A CT scan has been performed, to assess the integrity of the gallbladder and attenuation of the nodular aspect of the duodenal papilla. CT results: Moderate to markedly distended gallbladder with the caudal margin extending beyond the hepatic margins. The gallbladder wall is mildly diffusely thickened measuring 1.6 mm. No changes have been seen at the level of the local peritoneal space. The peritoneal space surrounding the gallbladder is normal. The cystic duct and common bile duct (orange arrows) are mildly and markedly distended by fluid measuring 4 mm and up to 6.9 mm in diameter, respectively. The wall of the cystic and common bile duct is mildly diffusely thickened. At the level of the junction between the common bile duct with the duodenal papilla, there is ill defined hyperattenuating structure (green circle). The duodenal papilla is mildly thickened and has faint central contrast enhancement. There is mild regional peritoneal effusion in this region (light blue arrows). The liver is normal in shape and margination. In the caudodorsal aspect of the right division of the liver there is an intrahepatic biliary duct (green arrow) mildly distended by fluid measuring 2.5 mm in diameter and its wall is mildly diffusely thickened. The pancreas (red arrows) is mildly to moderately enlarged measuring 5.6 mm on the right limb, 10 mm in the body and 8.5 mm on the left limb. At the tip of the limb of the pancreas there is a focal ill-defined isoattenuating and contrast enhancing thickening that deforms the pancreatic capsule (pink arrows) and measures approximately 9.2 x 7.3 mm. There is mild to moderate fluid and fat stranding surrounding the pancreas (light blue arrows), notably the left limb. The pancreatic duct (dark blue arrows) is moderately diffusely distended by fluid measuring up to 3 mm in the pancreatic body.

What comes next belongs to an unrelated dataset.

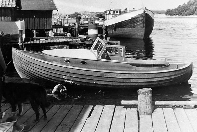 Medföljande text: "Motorsnäcka, 23 fot, byggd år 1965 av Tage Sundgren, Råssö.

Ultrasound is used in the diagnosis of feline hepatobiliary disease. Ultrasound abnormalities in cats with cholangiohepatitis and cholecystitis include gallbladder wall thickening, choleliths, bile ducts thickening and dilation, enlarged pancreas, and gallbladder sludge. Gallbladder wall thickening can be found with cholecystitis, cholangitis, oedema, cystic mucinous hyperplasia, pericholecystic free fluid, and systemic disease unrelated to the gallbladder. Inflammatory processes involving the biliary and pancreatic tract can be associated with amorphous plugs, cholelithiasis, neoplasia, fibrotic tissue, foreign body. although it is often difficult to determine what came first (Mayhew et al. 2002). The common biliary duct, pancreatic duct and duodenal papilla must be evaluated thoroughly for the presence of echogenic amorphous plugs and choleliths, which may or may not cause acoustic shadowing.

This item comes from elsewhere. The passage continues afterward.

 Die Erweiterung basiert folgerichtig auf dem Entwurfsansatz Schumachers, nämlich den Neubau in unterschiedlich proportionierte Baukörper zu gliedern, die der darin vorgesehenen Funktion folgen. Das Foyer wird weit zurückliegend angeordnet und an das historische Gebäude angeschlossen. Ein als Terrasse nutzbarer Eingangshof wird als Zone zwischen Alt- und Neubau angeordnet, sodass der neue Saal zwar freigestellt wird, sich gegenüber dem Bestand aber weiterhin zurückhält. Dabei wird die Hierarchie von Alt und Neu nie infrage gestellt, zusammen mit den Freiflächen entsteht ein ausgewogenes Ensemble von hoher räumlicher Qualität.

Even ultrasound examination is used usually in diagnosis of liver and biliary tract pathologies, CT scan is better in evaluation the hepatobiliary disorders, possible nodules, attenuation and gives a perfect 3D view of the local anatomy.

In this case, the patient has been managed symptomatically, blood results improving gradually in a 5-day course, full recovery being achieved. In the presented case the main differential diagnosis was between duodenal papilla obstruction from inflammation/infection versus neoplasia.  Response to therapy supported inflammation/infection.